Arts Workers of Color in Los Angeles Earn 35 Percent Less in Wages Than Their White Colleagues, a New Study Finds
Meanwhile, entry-level workers across the sector are paid below the living wage, regardless of race.
Los Angeles arts workers who identify as Black, Indigenous, or as People of Color (BIPOC) make less than their white counterparts on average, a new study released today found. Additionally, entry-level workers across the sector are paid wages lower than the cost of living in the area, regardless of race.
The report, which was put together by the L.A. County Department of Arts and Culture with the Center for Business and Management of the Arts (CBMArts) at Claremont Graduate University, sought to quantify the disparity in wages among the region’s creative workforce, and study its effects on individuals.
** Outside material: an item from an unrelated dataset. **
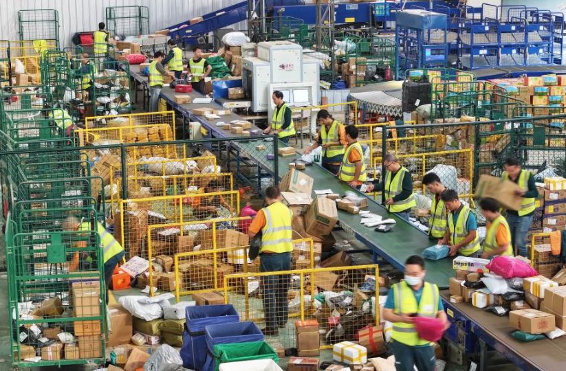 11月11日,在中国邮政集团有限公司湖南省永州市道县分公司邮件处理中心,工作人员在流水线上分拣快递包裹。新华社

On average, entry-level arts administrators in Los Angeles County earn $36,847 annually—a figure that’s higher than the $31,200 minimum wage in the area, but lower than the living wage of $40,200, according to the MIT Living Wage Calculator.
BIPOC respondents from the same group reported an average income of just $32,027, while white arts workers earned $43,437, or 35 percent more.
“I wasn’t surprised that earnings are low or that we found differences in earnings, but the gap was wider than I expected,” Bronwyn Mauldin, the Department of Arts and Culture’s director of research and evaluation, who co-led the study, said in an email to Artnet News.
The study was proposed by Cobi Krieger, a CBMArts student, in his final paper for a research methods class. Impressed by his tact, Mauldin, who taught the class, hired Krieger to realize the study.
More than half of respondents were in their 20s, while another 29 percent were in their 30s. Three-fourths of those surveyed were female, and 43 percent were white. Ninety-three percent had a bachelor’s or master’s degree, and yet 70 percent of the group worked for an hourly wage rather than a salary.
To make ends meet, surveyees said they relied on income from assistance from secondary non-arts jobs (23 percent) and scholarships and grants (8 percent).
But the biggest factor for many was family aid: 35 percent of respondents reported receiving such help.
“The role of family and generational wealth in supporting arts administrators early in their careers really stood out to me,” Mauldin added. “I’d like to get a better understanding of how that plays out as a barrier or facilitator throughout a person’s career in the arts.”
The 90-plus page report concludes with a series of recommendations for arts organizations and funders to address the disparity in pay, including conducting an internal demographic analysis of salaries, contracts, and fees; exploring debt relief programs for staff; and incorporating pay equity into grant requirements.
“Many of the recommendations came from the entry-level arts administrators we interviewed,” Mauldin explained. “Others were suggested directly by the quantitative data.”